Browser LLM Stack
Browser-native model work without pretending every useful workflow has a clean API.
What this is
Some of the best model workflows still live behind a browser session: logged-in research tools, subscription-only UIs, file-upload features, visual review, and draft publishing surfaces. A browser LLM stack gives your agent a controlled Chromium lane for those jobs while keeping API calls as the default path when they are available.
The pattern is simple: run Chromium in a service-owned display, keep one persistent profile per provider or workflow, expose noVNC for human login and inspection, and wrap every fragile profile in a lock.
Why this way
API-first is still the cleanest default. It gives you structured responses, stable auth, lower operational risk, and fewer moving parts. Use it whenever the API has the feature you need.
The browser lane exists for the cases APIs do not cover well:
- subscription entitlements attached to a web account
- research answers that need visible citations from a logged-in provider
- long-context or multimodal web UI features that are not exposed through API
- upload and visual workflows that require the provider’s first-party UI
- draft creation in web apps where auto-publish would be reckless
- manual review of exactly what the model saw before you trust the output
The key design choice is to treat browser automation as an explicit lane, not a hidden fallback. It should have its own health checks, profile policy, locks, artifacts, and failure modes.
Prerequisites
- Linux host with systemd user services
- Chromium or Chrome installed
- Playwright or equivalent browser automation library
- A virtual display service such as Xvfb
- Optional VNC/noVNC bridge for inspection and re-auth
- Comfort with file permissions, locks, and service logs
Do not start here if you only need ordinary completions, embeddings, code edits, or image generation.

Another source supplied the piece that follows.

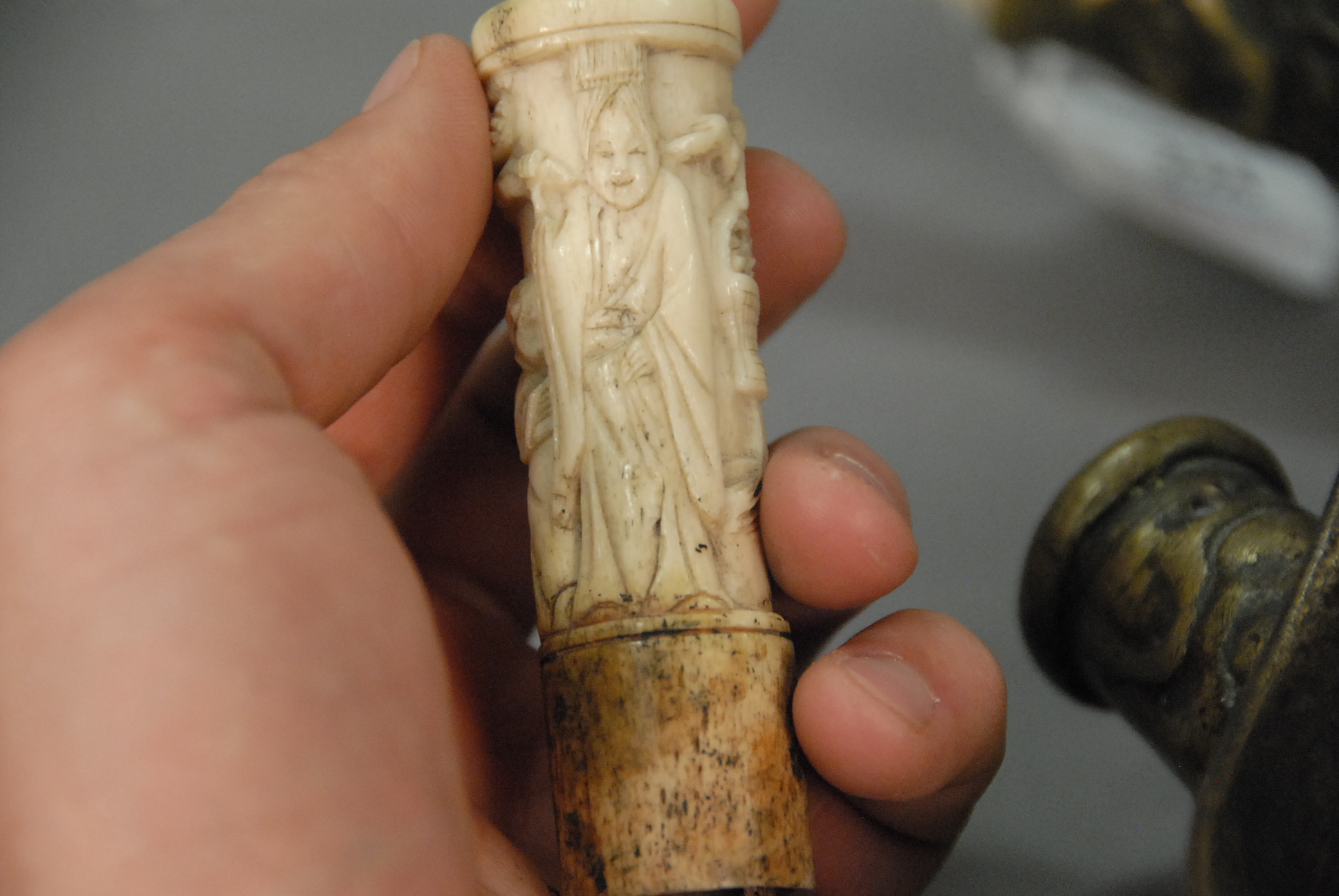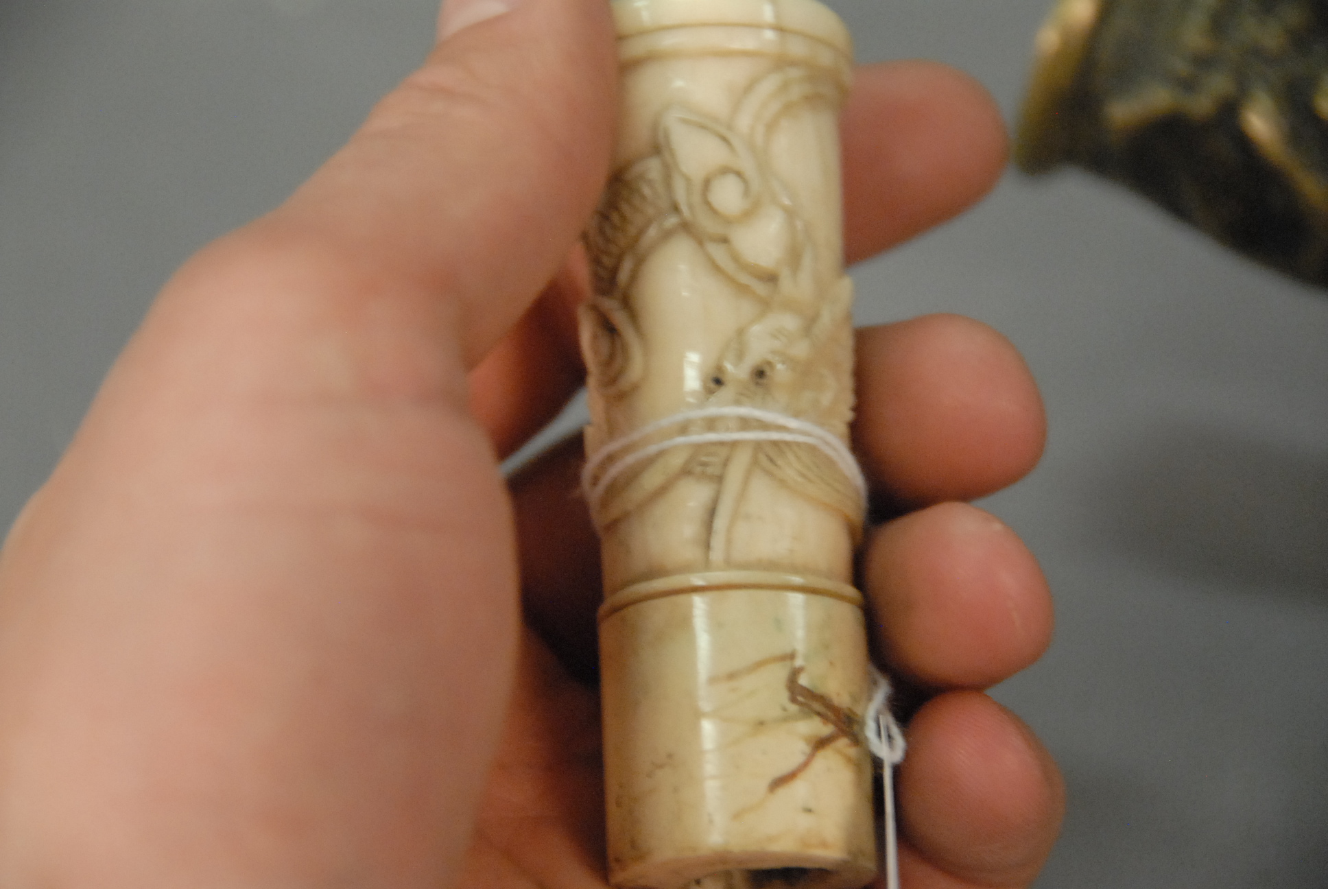 Lot 224: Pair of brass and bone handled heating cups the brass body decorated with Lu symbol and bone handles carved with dragons, China, 19th century. lg. 8 1/2in.

Start with provider APIs, ACP escalation, or local models, then add the browser lane for the gaps.
Before / After
Before:
- One-off browser scripts open whatever profile happens to be available.
- Auth breaks silently when cookies expire.
- Two jobs can collide on the same Chromium profile.
- Screenshots and page state vanish after failure.
- Cron jobs treat UI automation like any other stateless command.
After:
- Each provider or workflow has a named browser lane.
- Persistent profiles are stored outside the repo and treated like credentials.
flockserializes access to each profile.- Humans can inspect or refresh login state through noVNC.
- Browser skills return structured output plus artifacts.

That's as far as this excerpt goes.